I popoli dell’antica Europa consultavano i pozzi per avere un’indicazione in questioni personali di una certa importanza. Pozzi particolari erano talvolta riservati solo alle donne o agli uomini perché nella profondità dell’acqua era racchiuso un certo tipo di conoscenza riservato solo all’uno o all’altro sesso. Un esempio simile, sopravvissuto fino a poco tempo fa, è nell’isola di Aran, di fronte alla costa occidentale dell’Irlanda, dove le donne pregavano per i bambini al pozzo di St. Eaney mentre gli uomini visitavano un altro pozzo non molto lontano.
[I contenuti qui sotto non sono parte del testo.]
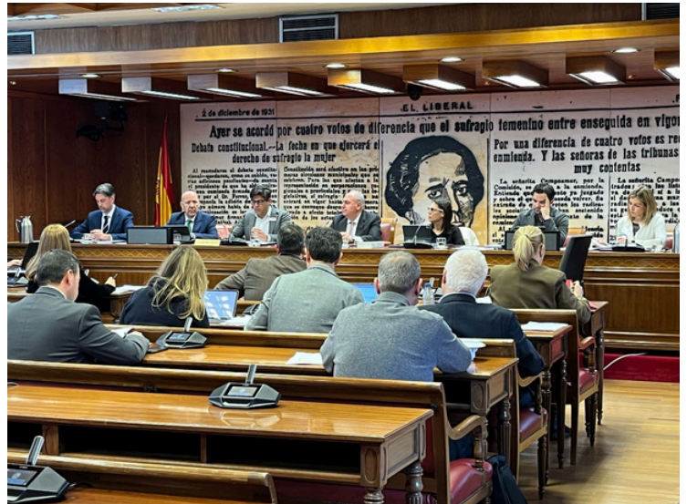
Link to the article - website USO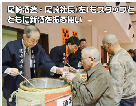
尾崎酒造・尾崎社長(左)もスタッフとともに新酒を振る舞い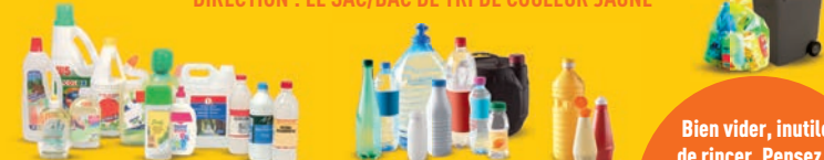
Emballages de produits d'entretien ménager

DIRECTION : LE SAC/BAC DE TRI DE COULEUR JAUNE

I pozzi che potevano essere consultati sia dalle donne sia dagli uomini erano spesso controllati dalle donne. Un malato che si recava a un pozzo per guarire girava attorno al pozzo tre volte in senso orario, facendo attenzione a restare in silenzio. Poi si inginocchiava e pregava la divinità per la sua guarigione… poi beveva l’acqua, si faceva il bagno o si lavava le membra o le piaghe, probabilmente aiutato dalla sacerdotessa del pozzo. Dopo averla debitamente ricompensata, faceva un’offerta alla divinità del pozzo… e appendeva la benda o un pezzo dei suoi indumenti al pozzo o a un albero vicino in modo da restare in continuo rapporto con gli influssi salutari.
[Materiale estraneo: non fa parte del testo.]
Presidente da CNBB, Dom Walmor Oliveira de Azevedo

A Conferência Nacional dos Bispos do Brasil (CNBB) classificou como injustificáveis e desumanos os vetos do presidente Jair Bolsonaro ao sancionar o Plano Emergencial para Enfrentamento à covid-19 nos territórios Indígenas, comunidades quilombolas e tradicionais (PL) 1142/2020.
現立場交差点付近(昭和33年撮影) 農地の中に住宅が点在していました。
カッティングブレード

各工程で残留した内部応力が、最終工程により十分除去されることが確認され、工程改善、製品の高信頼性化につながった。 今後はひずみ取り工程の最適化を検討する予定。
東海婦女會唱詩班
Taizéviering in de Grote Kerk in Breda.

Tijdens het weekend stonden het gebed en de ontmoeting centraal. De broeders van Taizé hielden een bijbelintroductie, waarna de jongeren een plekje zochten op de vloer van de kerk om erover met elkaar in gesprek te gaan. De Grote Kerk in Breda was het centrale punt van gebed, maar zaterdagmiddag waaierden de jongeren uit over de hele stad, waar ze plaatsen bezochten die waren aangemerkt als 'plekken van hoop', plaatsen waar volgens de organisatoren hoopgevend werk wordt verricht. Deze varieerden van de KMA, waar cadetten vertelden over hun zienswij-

Ma più spesso i poteri del pozzo erano riservati alle donne e i riti servivano al sapere femminile piuttosto che a quello maschile. Le donne erano associate con i pozzi più degli uomini anche per ragioni pratiche. In molte società tradizionali andare a prendere l’acqua al pozzo era un compito quotidiano svolto in genere dalle donne.
I pozzi non erano soltanto fonti del liquido per l’uso materiale, ma anche vie di accesso alle profondità del Grande Mistero. Esercitando l’arte della divinazione presso i pozzi, le donne potevano attingere a profondi segreti, a questioni che le riguardano come donne e che gli uomini non potevano scoprire.
Ad esempio al Pozzo di Sant’Elena a Rudgate una leggenda vuole che lo spirito originario del pozzo soleva accettare offerte da giovani ragazze sotto forma di capi del loro vestiario appesi a un albero vicino. Secondo la leggenda lo spirito del Pozzo di Sant’Elena, una volta ricevuta l’offerta, avrebbe rivelato in sogno alla ragazza l’identità e l’immagine del futuro marito. La Chiesa riconsacrò il pozzo a Sant’Elena circa ottocento anni fa e dunque questo racconto si riferisce a un periodo almeno così antico.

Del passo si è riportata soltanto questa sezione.